Records from a dataset
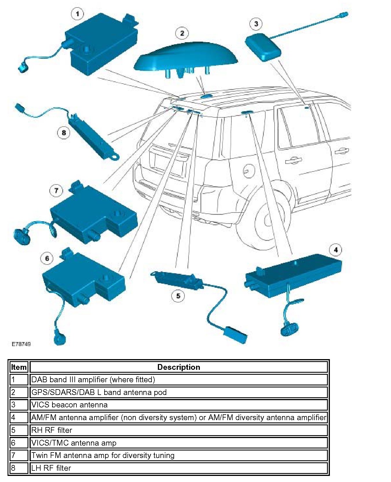 ^ SDARS antenna (NAS only) (NAS only, roof pod mounted) or DAB antenna (where fitted, roof pod)
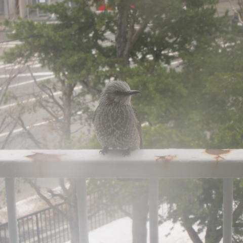 数日間、朝になると甲高いピーピー声が鳴り響いていて、ある日スリ硝子を そっと開けると数羽の鳥たちが我が家のオンボロベランダに停まっていた。 驚かせないように曇った硝子戸の向こうから一枚だけパチリ。 巣立ち前に母鳥と一緒に飛ぶ練習をしてたみたい。 野鳥の会のHPで調べて、たぶんヒヨドリの子だと思うんだけど自信ない。 全体にまだふわふわだけど、くちばしや足の爪はキリッとしてて野鳥の風格。 住宅街はカラスと最近はカモメもいるから、負けずにがんばれ! JUGEMテーマ:鳥が好き...
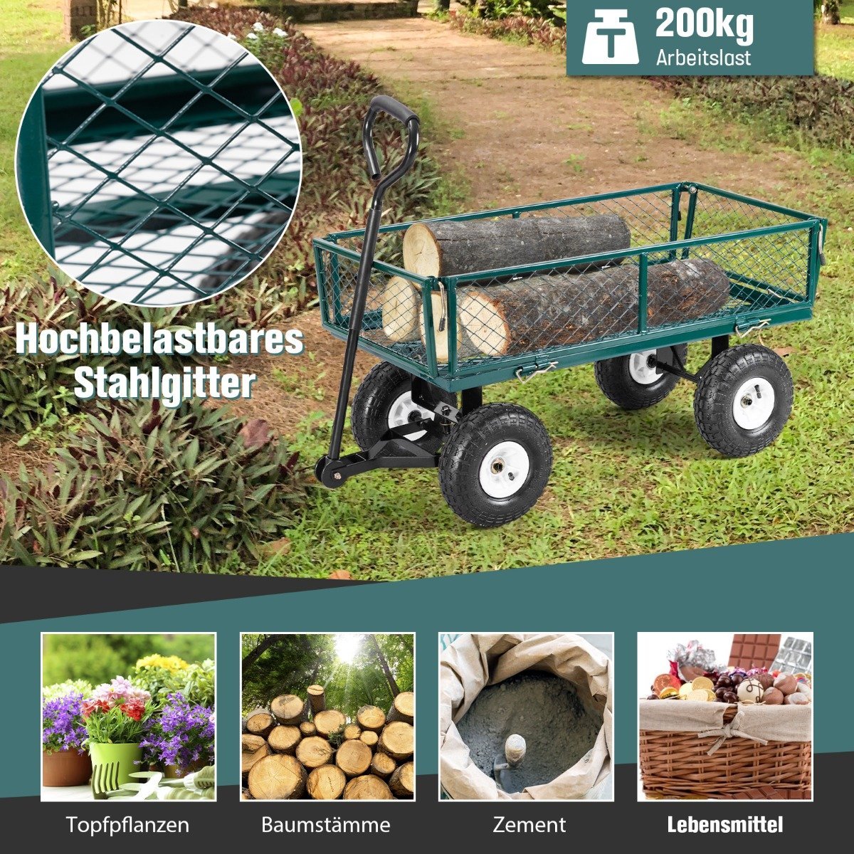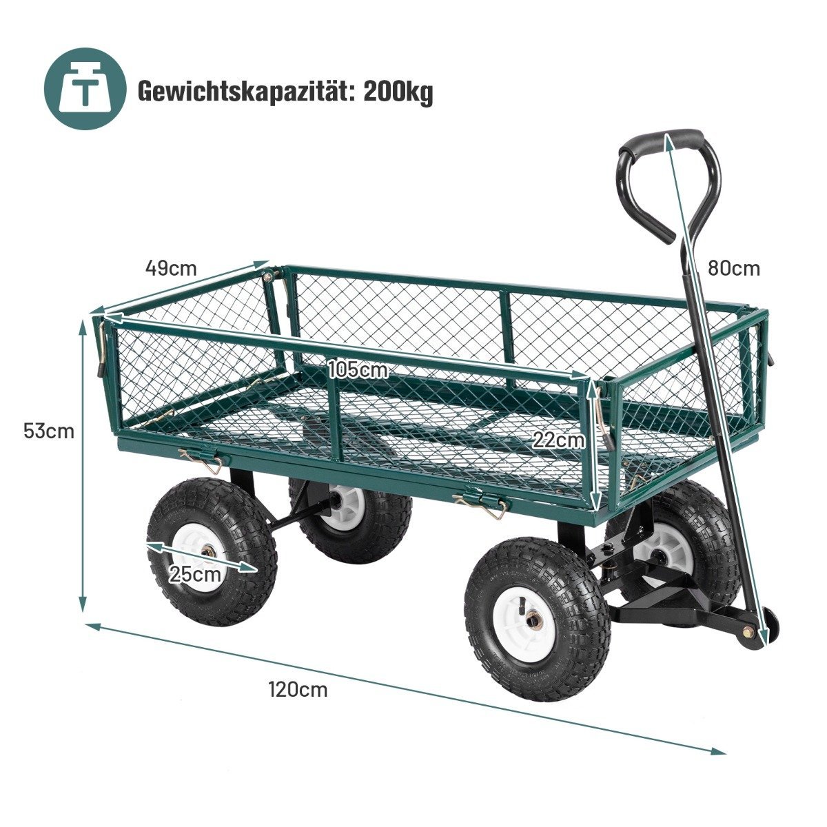 Metalinis vežimėlis su 25 cm guminėmis padangomis ir nuimamu bortu (Žalia)
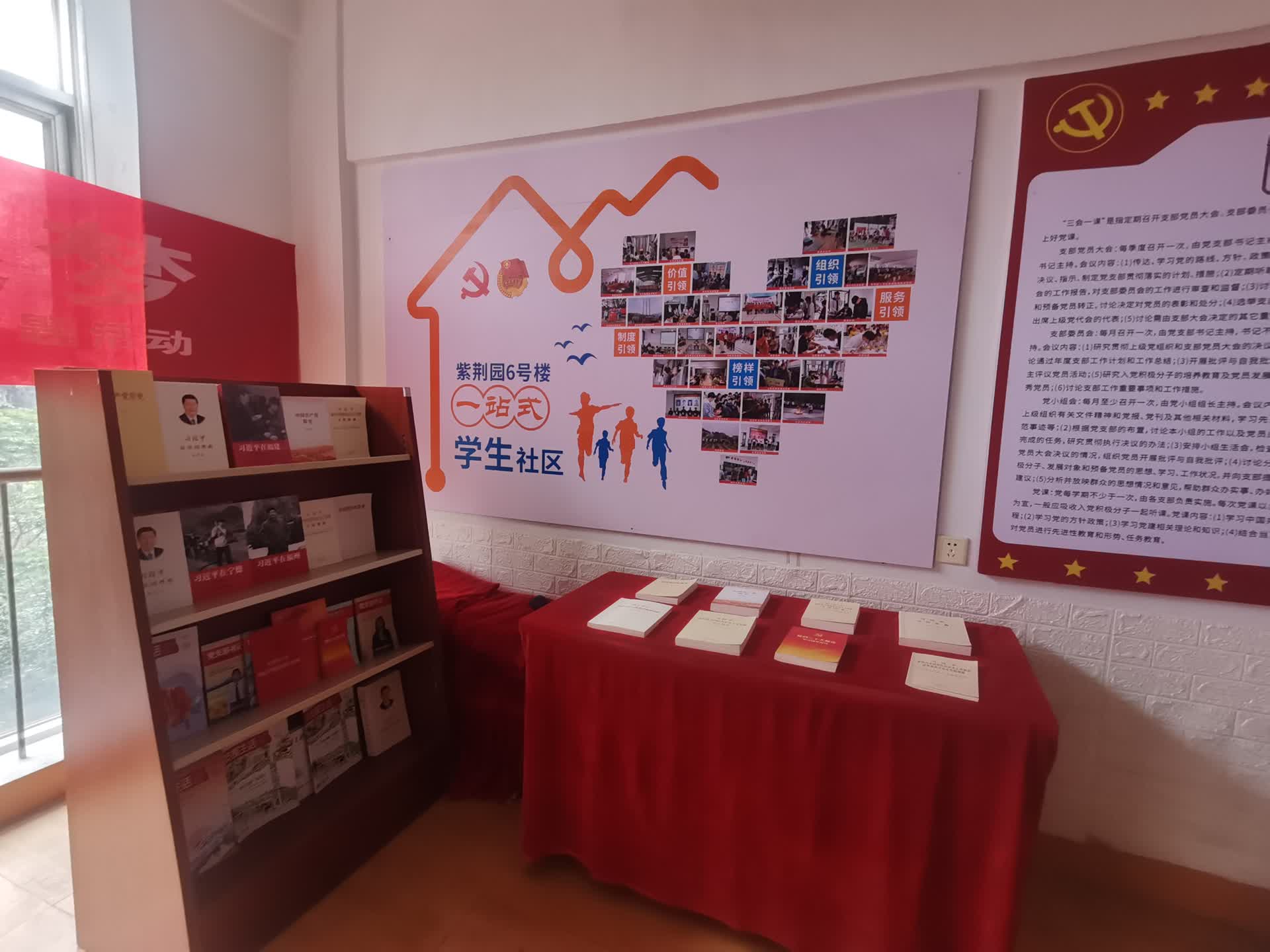 据悉,紫荆园6号学生社区三楼的开放党建室添置了《中国共产党纪律处分条例》、《习近平关于严明党的纪律和规矩论述摘编》、《习近平关于全面从严治党论述摘编》等经典书籍,并建立了共享书籍二维码,方便楼栋社区同学阅读。
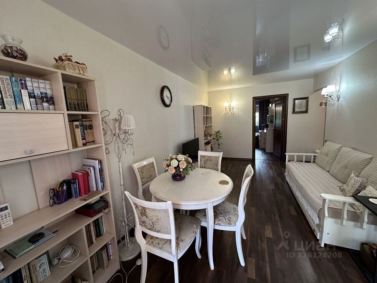 44 м² — две смежные комнаты, кухня, прихожая, совмещённый санузел и лоджия. Современный ремонт: тёплые полы (лоджия, ванна, спальня), кондиционер, газовая колонка, центральное отопление.
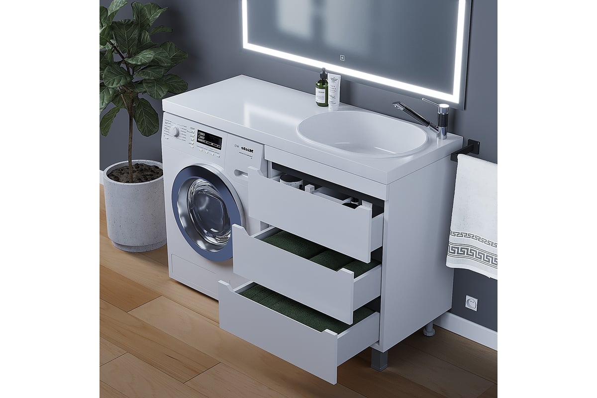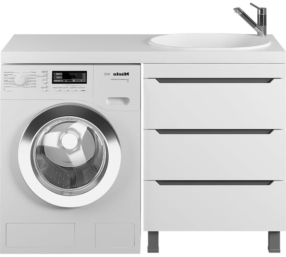 Напольная тумба под стиральную машину uperwood Tanos 60 см, с раковиной Bruks 120 см, правая, белая/графит 291021012 с выдвижными ящиками представляет собой функциональное, надежное и практичное решение, которое отлично впишется в любой современный дизайн ванной комнаты.

What the task asks
Each record is to be copied word for word, with no images carried over.

Answer box
 ^ SDARS antenna (NAS only) (NAS only, roof pod mounted) or DAB antenna (where fitted, roof pod)
 数日間、朝になると甲高いピーピー声が鳴り響いていて、ある日スリ硝子を そっと開けると数羽の鳥たちが我が家のオンボロベランダに停まっていた。 驚かせないように曇った硝子戸の向こうから一枚だけパチリ。 巣立ち前に母鳥と一緒に飛ぶ練習をしてたみたい。 野鳥の会のHPで調べて、たぶんヒヨドリの子だと思うんだけど自信ない。 全体にまだふわふわだけど、くちばしや足の爪はキリッとしてて野鳥の風格。 住宅街はカラスと最近はカモメもいるから、負けずにがんばれ! JUGEMテーマ:鳥が好き...
 Metalinis vežimėlis su 25 cm guminėmis padangomis ir nuimamu bortu (Žalia)
 据悉,紫荆园6号学生社区三楼的开放党建室添置了《中国共产党纪律处分条例》、《习近平关于严明党的纪律和规矩论述摘编》、《习近平关于全面从严治党论述摘编》等经典书籍,并建立了共享书籍二维码,方便楼栋社区同学阅读。
 44 м² — две смежные комнаты, кухня, прихожая, совмещённый санузел и лоджия. Современный ремонт: тёплые полы (лоджия, ванна, спальня), кондиционер, газовая колонка, центральное отопление.
 Напольная тумба под стиральную машину uperwood Tanos 60 см, с раковиной Bruks 120 см, правая, белая/графит 291021012 с выдвижными ящиками представляет собой функциональное, надежное и практичное решение, которое отлично впишется в любой современный дизайн ванной комнаты.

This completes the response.